Split tagging from mutation. Ready now. ACE applies the reflector's helpful/harmful tags through deterministic code, not through an LLM rewrite. Any scoring-or-counting signal we attach to notes or workshop observations should flow through code after the diagnosis LLM call, not inside it. This keeps the mutation audit-able and cheap.

Stable IDs on learnable units. Ready now. Bullet IDs let ACE reference exactly what was used, tag what was useful, and compare playbook state across checkpoints. Workshop-derived learnings and review findings in our system would benefit from stable IDs with a per-section slug, especially if we want to track which items get reinforced across sessions.

Narrow the curator's prompt to the operation you implement. Ready now. ACE's current curator prompt offers only ADD; the schema still tolerates more, but the prompt's vocabulary shapes what the model tries to propose. Our equivalent is to tell review-bundle fixers exactly which edit verbs the pipeline actually applies, rather than advertising a richer set and silently discarding unsupported operations.

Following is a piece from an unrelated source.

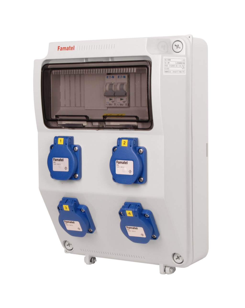 Zásuvková skříň FAMATEL v3601 - ZSF40000000.0 /3958 IP54 jištěná bez chrániče, zásuvky 4x230V, přístroje EATON 10kA: 2xPL7-B16/1, použité pouzdro: 3958 - 330x215x155mm, barva: světle šedá.
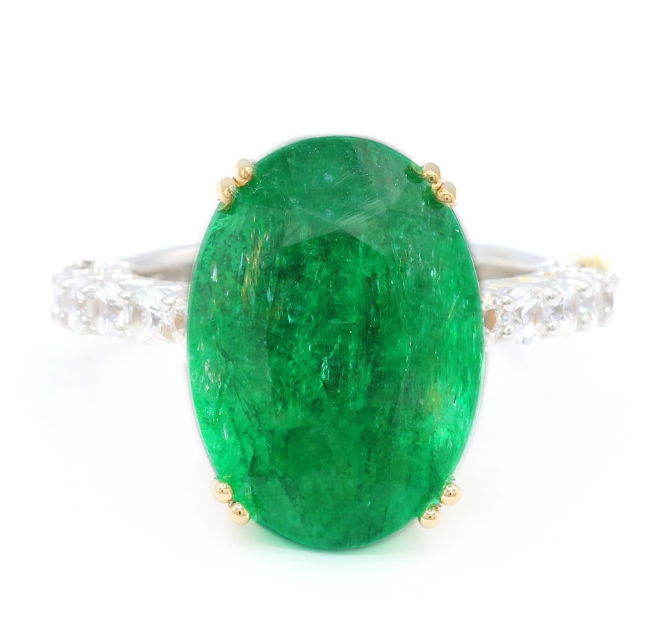 • (1) 17 mm x 12 mm oval, prong-set Zambian emerald (10.00 av. ctw)

Two-stage grow-and-refine with a gated semantic merge. Needs a use case first. The split between a write-heavy curator and an opt-in embedding-merge pass is a usable pattern for our library, but we do not yet have the semantic-duplicate problem at a scale that would justify running sentence-transformers over the note corpus. Worth remembering when we decide how to consolidate overlapping notes.

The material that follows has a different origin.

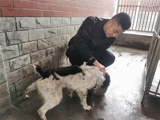 一旁,同事李婷透露,张程性格开朗,做事踏实可靠,对待训犬工作认真负责,是个富有吃苦精神和强烈使命感的云南小伙子。“训练雪狼之余,他总会花大量时间和它相处,说话、打扫犬舍、打理毛发,悉心照顾狗狗,大家说‘他对雪狼比谈女朋友上心多了’。”

Run the reflector on correct attempts, not only failures. Ready now as a pattern. ACE calls the reflector on successes to tag helpful bullets even when the answer was right. That gives the counter mechanism positive evidence, not just negative, and avoids a drift where only failures ever influence the playbook.

Curiosity Pass

The three-role architecture in isolation is not the mechanism that matters — any reflection-memory system could be described as generator/reflector/curator. The actual engines in ACE are (1) the stable bullet IDs that make counter updates a local in-place edit, and (2) the narrow append-only curator that keeps the growth loop simple. The BulletpointAnalyzer is advertised as the "grow-and-refine" counterpart to growth, but it is off by default and depends on optional dependencies — in a default run, refinement means "helpful/harmful counts change," not "bullets are edited or retired."

For each strong claim:

  1. "Incremental delta updates that preserve prior knowledge." This does transform the data, but only in one direction: ADD inserts new bullets and the counter layer mutates an integer per line. Real UPDATE/MERGE/DELETE would be transformations; they are not present. The simpler alternative — "rewrite the whole playbook each turn" — is what the paper pushes against, and ACE does genuinely avoid that. But the mechanism that preserves prior knowledge is primarily that nothing gets deleted, not that edits are localized.

  2. "Scored bullets steer future generation." This does transform: counter values let the model downweight bullets with many harmful tags without an explicit DELETE. But the transformation is weak — the counters are displayed but not enforced, and the generator prompt does not take them as structured inputs. A simpler alternative is to hard-prune bullets whose harmful exceeds helpful by some margin; ACE has the stats (get_playbook_stats classifies problematic) but does not act on them.

  3. "Separation of reflector and curator improves quality." This is a real separation in the code. The claim that it improves downstream performance is an empirical question for the paper; structurally, it lets us isolate diagnosis from mutation, which is a pattern we can borrow regardless of whether it improves accuracy in ACE's benchmarks.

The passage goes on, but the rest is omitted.